REQUIREMENT: Your job is to print, exactly, the lines in the data below from the line with "Flexible silencing canalization 9700 602" through the line with "Adjusted for 30-50mmHg", both included, and to omit any picture.

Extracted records
______

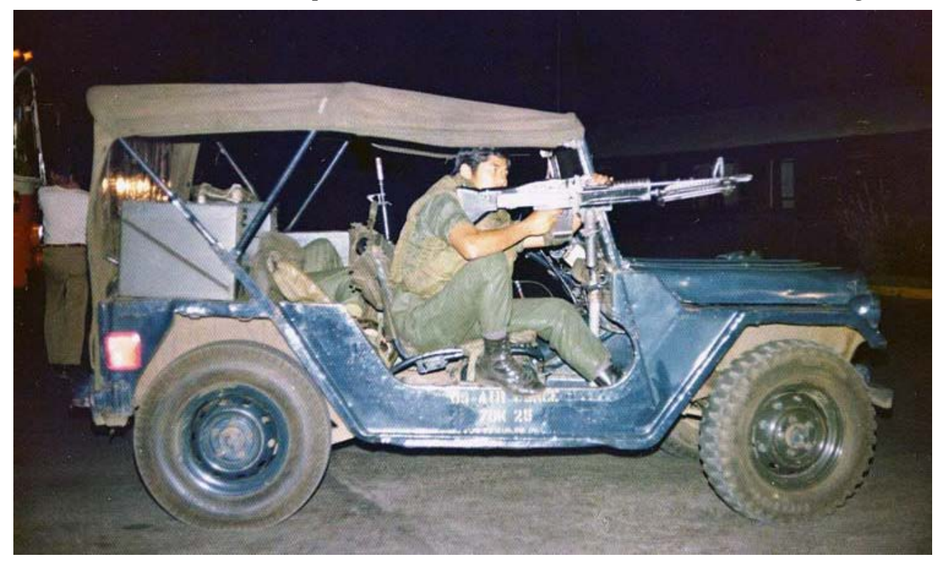
15. M-151 Jeep equipped with M60 Machinegun, Sierra 41.
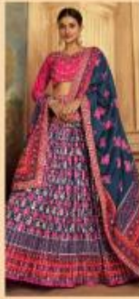
*** 2106 ***
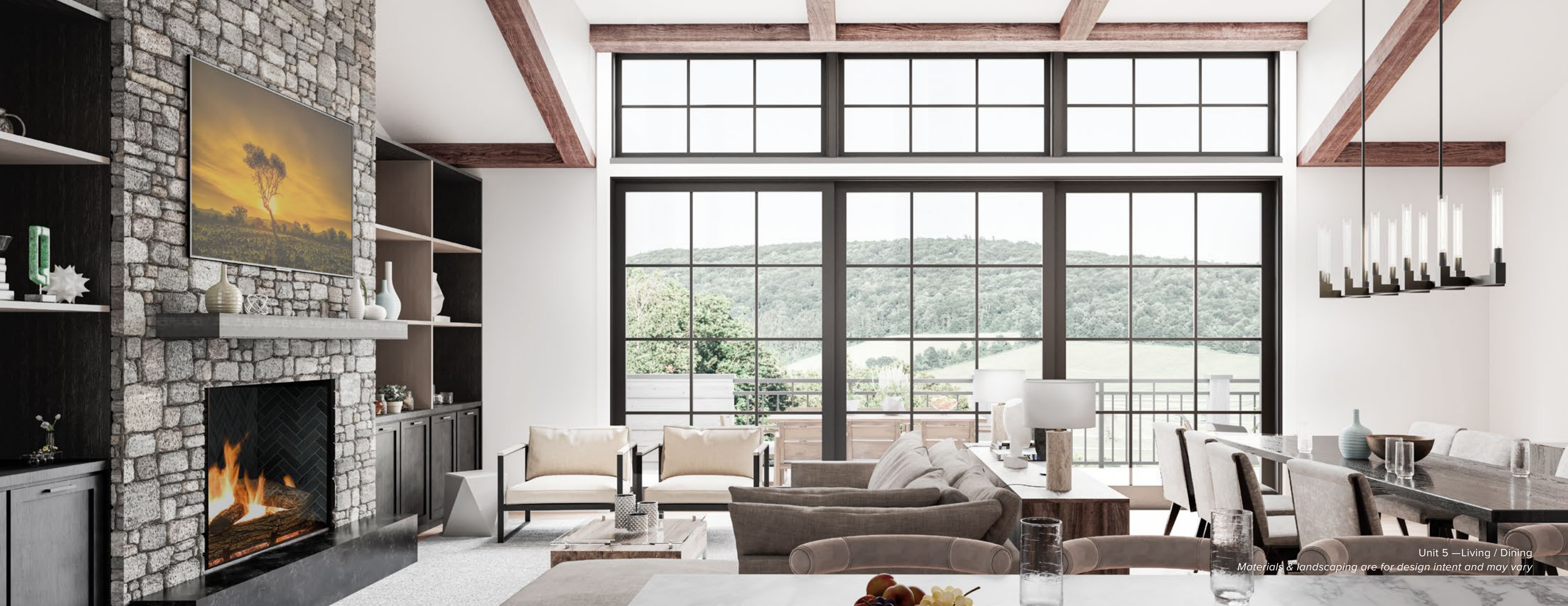
Unit 5 —Living / Dining Materials & landscaping are for design intent and may vary
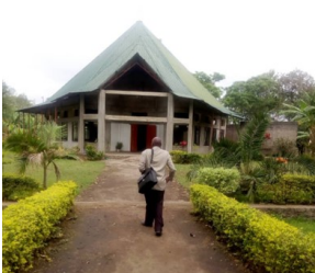
Jericho parish completed building and interior altar area.

We continue to support 3 students from Mbaaseny and these 2 sub-parishes with secondary school tuition fees. This support provides not only schooling but boarding and meals. With the continuing drought conditions, food expenses continue to be a challenge for all. While some rain has arrived, new seed and more rain is needed for crops to provide food for so many. Your support for our partner is appreciated. Please indicate the area of support with any gifts shared. Our next wire transfer will be sent in early January. For more information on this partnership, please contact Julie Starks, ja-starks39@gmail.com Asante sana!
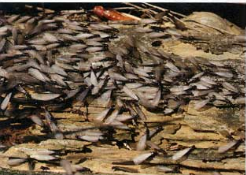
Termite swarms on a log.

If a termite infestation is found, a specialist can then design a treatment plan specific for your property that will control any current infestation and establish either a liquid treated zone, a baited zone or in some cases, both around the structure to take care of future termite infestations. ■
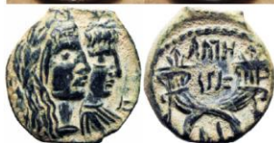
Aretas IV 9bc-40ad wife Shuqailat/ cornucopias

The coins for the Three Wisemen have traditionally been: Azes II of the Indo-Scythians, Phraates IV of the Parthians, Gondophares of the Indo-Parthians (whom St. Thomas is said to have converted to Christianity) or Aretas IV of the Nabataeans. There were many other petty kings of the East that did not issue coins. Tigranes V of Armenia, the first Christian nation should be a candidate. Rulers were often priest kings like the Roman emperors, who were Pontif Maximus, chief priest. Astronomy (with astrology) and medicine (role of diet and exercise) were a part of
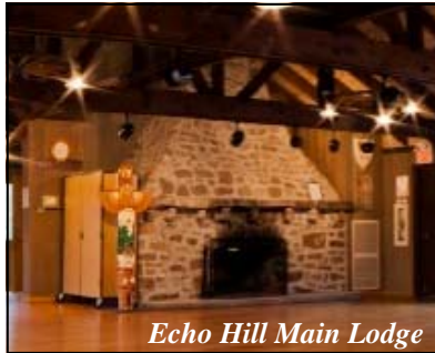
Echo Hill Main Lodge
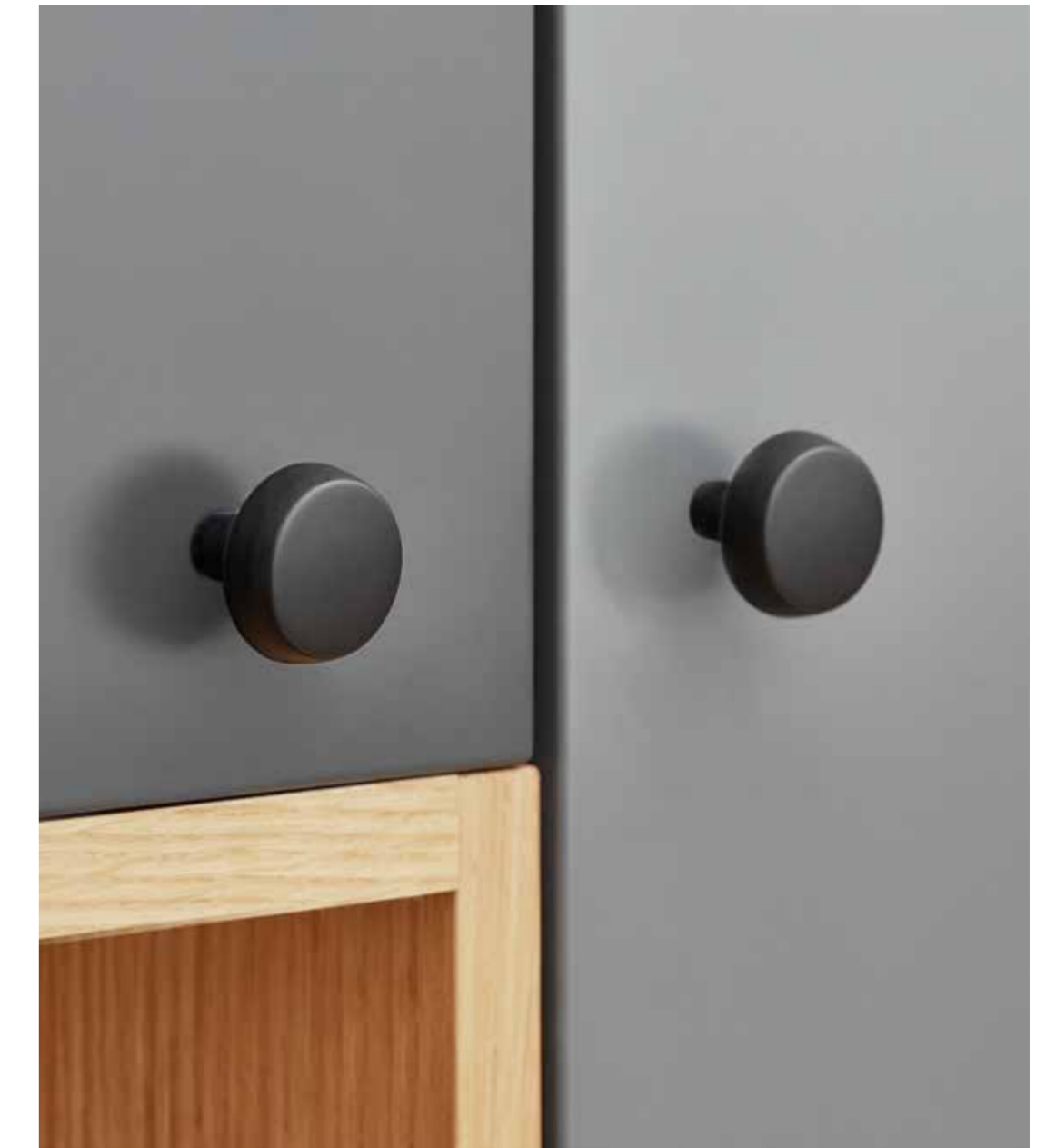
AUTUMN 541060xxx Design VE2 Material Zamac Finish 99 - Matt black Centre distance - Length - Width - Height 27-34 Diameter 28 - 36

Join us on instagram, and be the first to receive the latest news about our designs, contests, videos etc. News are released on instagram before other furnipart channels. Follow us and be inspired through pictures and words.
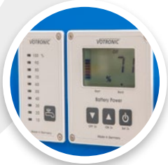
LCD display for water level and battery level
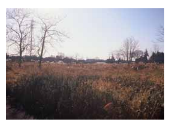
Fig.10 Sixth scenery
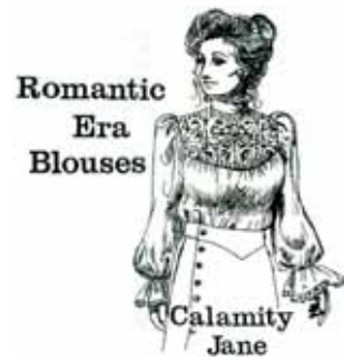
Romantic Era Blouses

#Pattern-LOJ Ladies Outing Jacket pattern $15.99
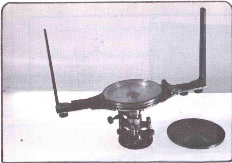
Su 86 Gurley Surveyors compass, all brass, with brass lid that fits over the compass and complete in original fitted wood carrying case. 5" Dia. dial, length 15", vanes 7 \frac{3}{4} " high, card marked W. & L. E. Gurley, Troy, NY, with cross levels. The unusual feature of this instrument is that it has its own levelling device, 4 screw, somewhat like on a transit whereas most of these old compasses had only a jacobs staff or simple tripod mount. This base is original as it fits in the box and is an integral part of the instrument. $500
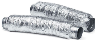
Flexible silencing canalization 9700 602
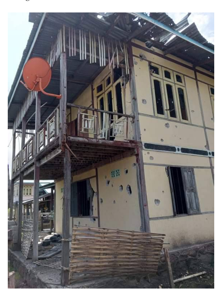
The Displaced Village, Pekon, Karenni State: This home was destroyed by the fighting between Burma Army and resistant forces.
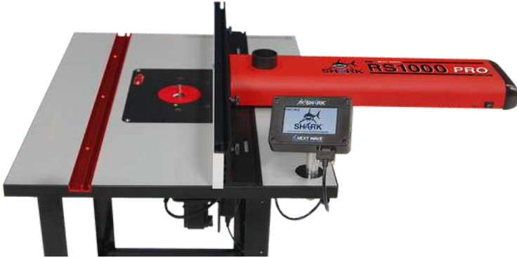
Table Template Instructions

Please follow these simple instructions to successfully prepare your router table for Next Wave CNC RS1000 PRO.
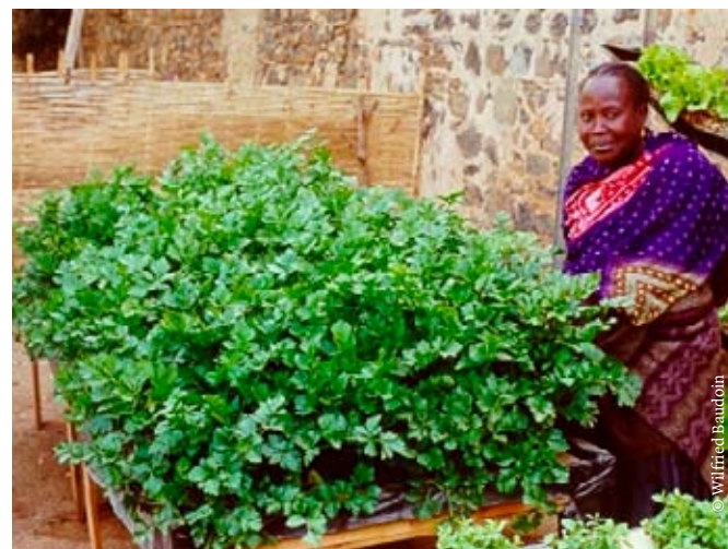
Microgardens are particularly popular with women. The main reason is that the physical labour required is considerably less than for conventional farming.

It is very encouraging to see how quickly poor families master this type of cultivation. Micro-gardens are particularly popular with women, mainly because the physical labour required is
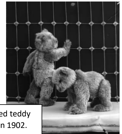
The first jointed teddy bears made in 1902.
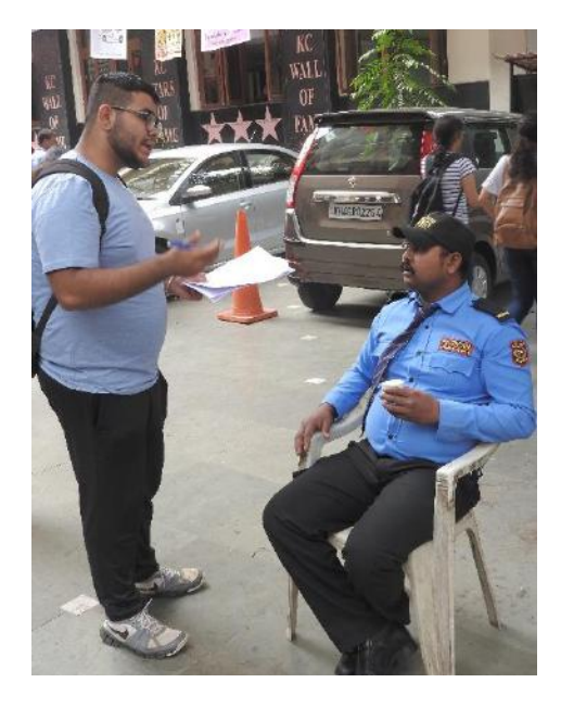
Students conducting perception survey in the campus
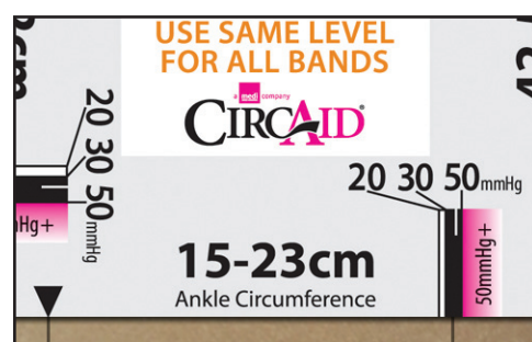
▲ Fig. A Correctly Adjusted for 30-50mmHg

Disengage each band of the legging, starting at the top and working your way down. Fold each band back onto the body of the garment. Do not tightly roll the band back onto itself as this will cause the hook material to bend, reducing its adherence strength. When complete, the garment should resemble its starting position for easy reapplication. Lastly, slide the liner off the leg.
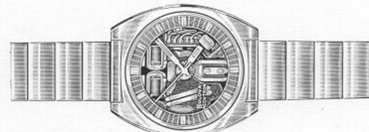
22010-3Y ACCUTRON SPACEVIEW "U" Yellow, stainless steel back. Water resistant, clearview dial reveals the tuning fork movement, luminous dots and hands. 10K gold-filled band with fold-over buckle. $150.
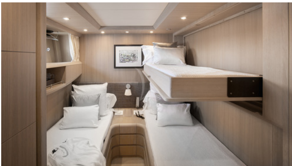
SUBLIME MAR - Twin cabin n°2

______

WRITTEN RESPONSE:
Flexible silencing canalization 9700 602
The Displaced Village, Pekon, Karenni State: This home was destroyed by the fighting between Burma Army and resistant forces.
Table Template Instructions

Please follow these simple instructions to successfully prepare your router table for Next Wave CNC RS1000 PRO.
Microgardens are particularly popular with women. The main reason is that the physical labour required is considerably less than for conventional farming.

It is very encouraging to see how quickly poor families master this type of cultivation. Micro-gardens are particularly popular with women, mainly because the physical labour required is
The first jointed teddy bears made in 1902.
Students conducting perception survey in the campus
▲ Fig. A Correctly Adjusted for 30-50mmHg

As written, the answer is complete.